Example from notebooks/introduction.ipynb:

Show code

from duckreg.estimators import DuckMundlak

mundlak = DuckMundlak(
    db_name="panel_data.db",
    table_name="panel_data",
    outcome_var="Y",
    covariates=["W"],
    unit_col="unit",
    time_col="time",
    cluster_col="unit",
    n_bootstraps=50,
    seed=929,
)
mundlak.fit()
mundlak.summary()

Data Preparation

prepare_data() creates temporary tables of unit and time averages, then joins them back to the raw table:

Show code

CREATE TEMP TABLE unit_avgs AS
SELECT unit, AVG(W) AS avg_W_unit
FROM panel_data
GROUP BY unit

If time_col is provided, it also creates time_avgs. The compressed design groups by original covariates and generated averages.

`DuckDoubleDemeaning`

DuckDoubleDemeaning constructs the two-way residualized treatment

\[ \ddot{W}_{it} = W_{it} - \bar{W}_{i \cdot} - \bar{W}_{\cdot t} + \bar{W}_{\cdot \cdot}. \]

Then it estimates

\[ Y_{it} = \alpha + \tau \ddot{W}_{it} + u_{it} \]

on compressed values of \(\ddot{W}_{it}\).

Constructor:

Show code

DuckDoubleDemeaning(
    db_name: str,
    table_name: str,
    outcome_var: str,
    treatment_var: str,
    unit_col: str,
    time_col: str,
    seed: int,
    n_bootstraps: int = 100,
    cluster_col: str | None = None,
)

Notebook example:

Show code

from duckreg.estimators import DuckDoubleDemeaning

double_demean = DuckDoubleDemeaning(
    db_name="panel_data.db",
    table_name="panel_data",
    outcome_var="Y",
    treatment_var="W",
    unit_col="unit",
    time_col="time",
    cluster_col="unit",
    n_bootstraps=100,
    seed=828,
)
double_demean.fit()
double_demean.summary()

`DuckMundlakEventStudy`

DuckMundlakEventStudy builds a cohort-by-time event-study design in DuckDB. It first computes the treatment cohort

\[ G_i = \min\{t : D_{it}=1\}, \]

then creates:

cohort intercepts,
calendar-time dummies,
cohort-by-time treatment dummies.

Constructor:

Show code

DuckMundlakEventStudy(
    db_name: str,
    table_name: str,
    outcome_var: str,
    treatment_col: str,
    unit_col: str,
    time_col: str,
    cluster_col: str,
    pre_treat_interactions: bool = True,
    n_bootstraps: int = 100,
)

The event-study regression is solved as compressed WLS on this expanded design. The point estimate is returned as a dictionary keyed by cohort. Each value is a table of the cohort-specific event-study path.

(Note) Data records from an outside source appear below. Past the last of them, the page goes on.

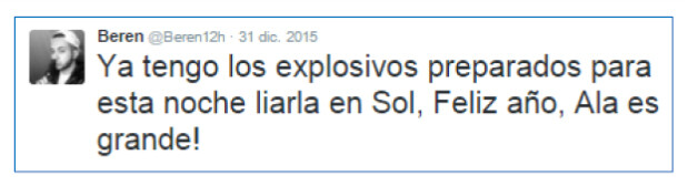 La Policía Nacional ha identificado y localizado al presunto responsable de dos perfiles de la red social Twitter desde los que se exaltaba la violencia de género y el terrorismo. A esta persona, creador de los perfiles @Beren12h y @Beren4coma9, se le atribuye la comisión de delitos de odio y enaltecimiento del terrorismo. Seguidores de la cuenta oficial de la Policía Nacional en Twitter alertaron a los ciberagentes de la difusión de los comentarios presuntamente delictivos.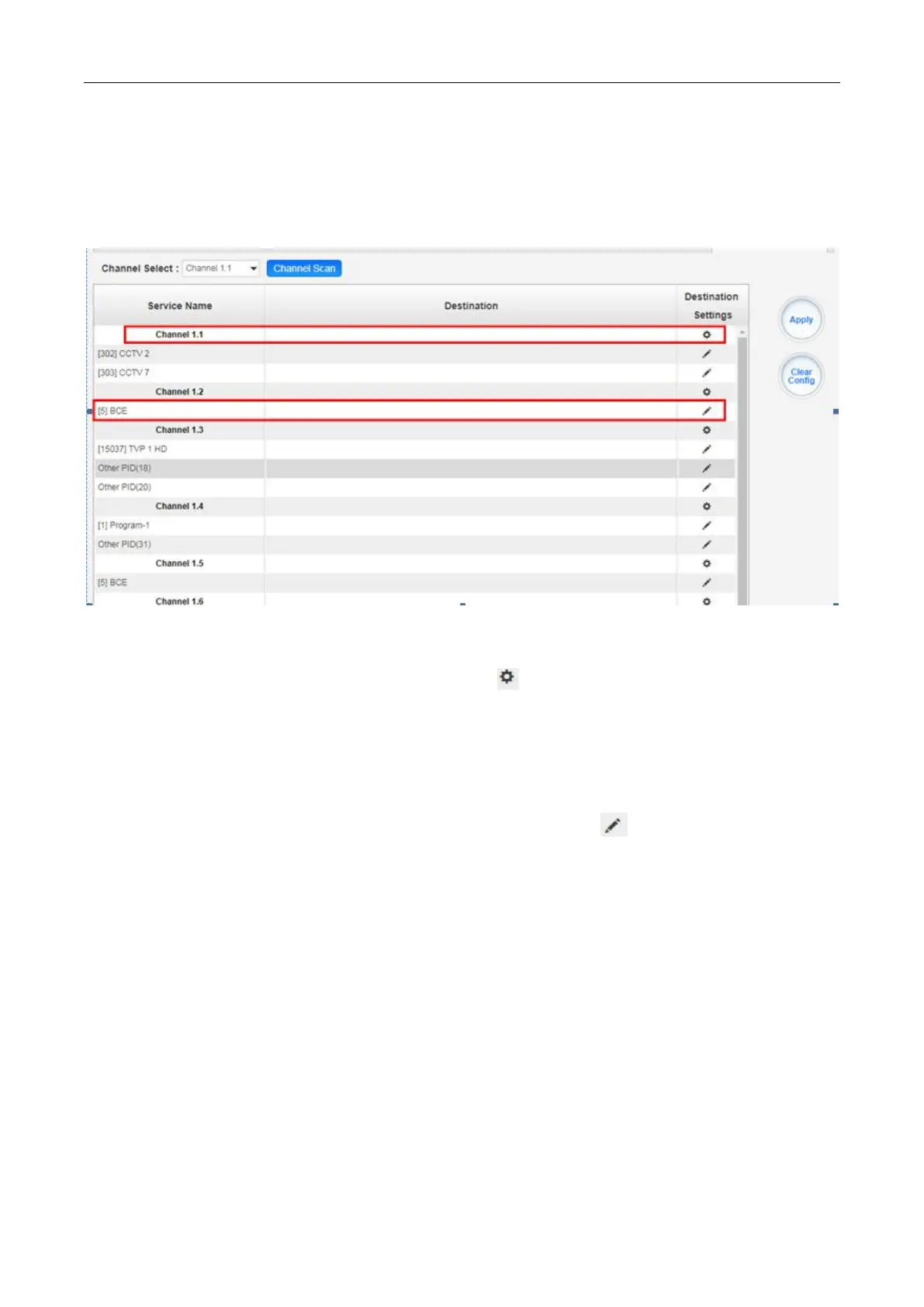Multiplex services: You should click the service line setting icon ( ) to make the certain service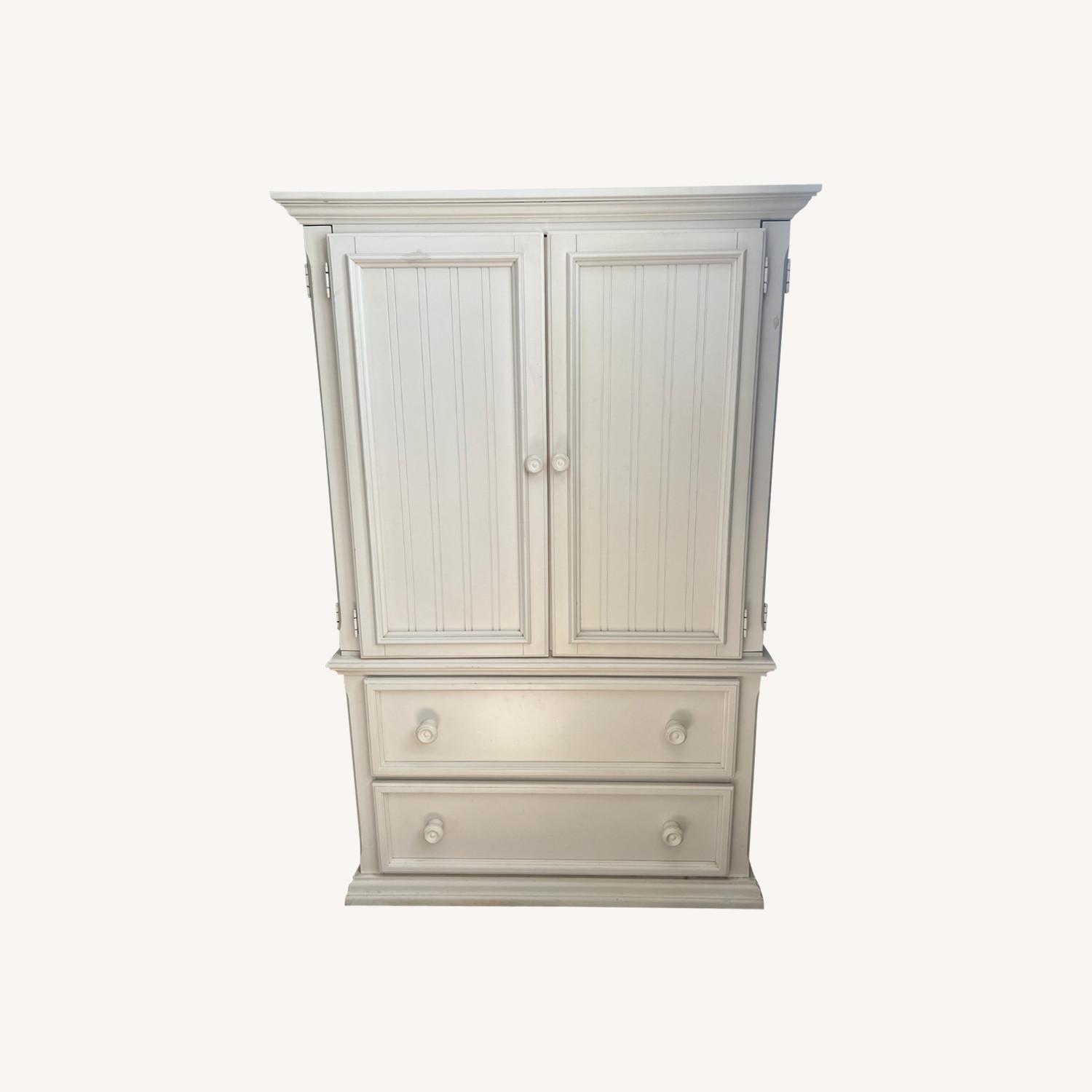 Seller's Notes:Traditional armoire with cutout in the back panel to accommodate media plug-in.

Single-cohort example from notebooks/event_study.ipynb:

Show code

from duckreg.estimators import DuckMundlakEventStudy

mundlak = DuckMundlakEventStudy(
    db_name="event_study_data.db",
    table_name="panel_data",
    outcome_var="Y_it",
    treatment_col="W_it",
    unit_col="unit_id",
    time_col="time_id",
    cluster_col="unit_id",
    n_bootstraps=0,
    seed=42,
    pre_treat_interactions=True,
)
mundlak.fit()
evsum = mundlak.summary()

Staggered-adoption example:

Show code

mundlak = DuckMundlakEventStudy(
    db_name="stagg_event_study_data.db",
    table_name="panel_data",
    outcome_var="Y_it",
    treatment_col="W_it",
    unit_col="unit_id",
    time_col="time_id",
    cluster_col="unit_id",
    n_bootstraps=0,
    seed=42,
    pre_treat_interactions=False,
)
mundlak.fit()
evsum = mundlak.summary()

Bootstrap Behavior

All three panel estimators support bootstrap covariance paths. With a cluster column, the bootstrap resamples clusters and recompresses the generated design. For event studies, covariance matrices are returned separately for each cohort-specific coefficient path.